» WHAT YOU SHOULD DO
In the listing below, locate the line that contains "اندلع حريق كبير" and the line that contains "YVES SAINT LAURENT". Restate word for word those two lines and every line between them, and nothing else.

» RECORDS FOR THIS TASK
######

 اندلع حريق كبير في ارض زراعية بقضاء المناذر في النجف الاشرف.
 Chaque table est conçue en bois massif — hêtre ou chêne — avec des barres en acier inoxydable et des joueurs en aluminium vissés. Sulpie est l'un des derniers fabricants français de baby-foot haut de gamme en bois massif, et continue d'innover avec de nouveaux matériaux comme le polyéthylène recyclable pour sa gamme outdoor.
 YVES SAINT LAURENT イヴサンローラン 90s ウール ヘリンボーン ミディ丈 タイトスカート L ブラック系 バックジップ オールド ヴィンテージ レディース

######

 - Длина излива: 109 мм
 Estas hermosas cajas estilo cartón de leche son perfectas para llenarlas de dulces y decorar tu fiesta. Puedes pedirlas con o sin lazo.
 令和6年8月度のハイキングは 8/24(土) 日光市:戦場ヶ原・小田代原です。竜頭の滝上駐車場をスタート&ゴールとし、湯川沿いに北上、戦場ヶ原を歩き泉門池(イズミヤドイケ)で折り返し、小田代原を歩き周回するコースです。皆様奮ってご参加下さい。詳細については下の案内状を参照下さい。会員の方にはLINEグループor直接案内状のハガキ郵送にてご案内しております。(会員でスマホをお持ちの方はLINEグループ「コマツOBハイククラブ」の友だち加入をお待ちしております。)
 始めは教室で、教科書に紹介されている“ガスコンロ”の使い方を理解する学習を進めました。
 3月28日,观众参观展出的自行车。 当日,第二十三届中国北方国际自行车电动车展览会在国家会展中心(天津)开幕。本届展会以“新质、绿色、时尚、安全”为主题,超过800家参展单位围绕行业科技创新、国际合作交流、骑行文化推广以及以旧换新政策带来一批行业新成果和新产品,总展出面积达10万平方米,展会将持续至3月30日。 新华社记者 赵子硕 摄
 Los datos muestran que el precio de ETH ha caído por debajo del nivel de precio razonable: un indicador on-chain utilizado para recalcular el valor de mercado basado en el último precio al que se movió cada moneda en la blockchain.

######

» RESULT
 اندلع حريق كبير في ارض زراعية بقضاء المناذر في النجف الاشرف.
 Chaque table est conçue en bois massif — hêtre ou chêne — avec des barres en acier inoxydable et des joueurs en aluminium vissés. Sulpie est l'un des derniers fabricants français de baby-foot haut de gamme en bois massif, et continue d'innover avec de nouveaux matériaux comme le polyéthylène recyclable pour sa gamme outdoor.
 YVES SAINT LAURENT イヴサンローラン 90s ウール ヘリンボーン ミディ丈 タイトスカート L ブラック系 バックジップ オールド ヴィンテージ レディース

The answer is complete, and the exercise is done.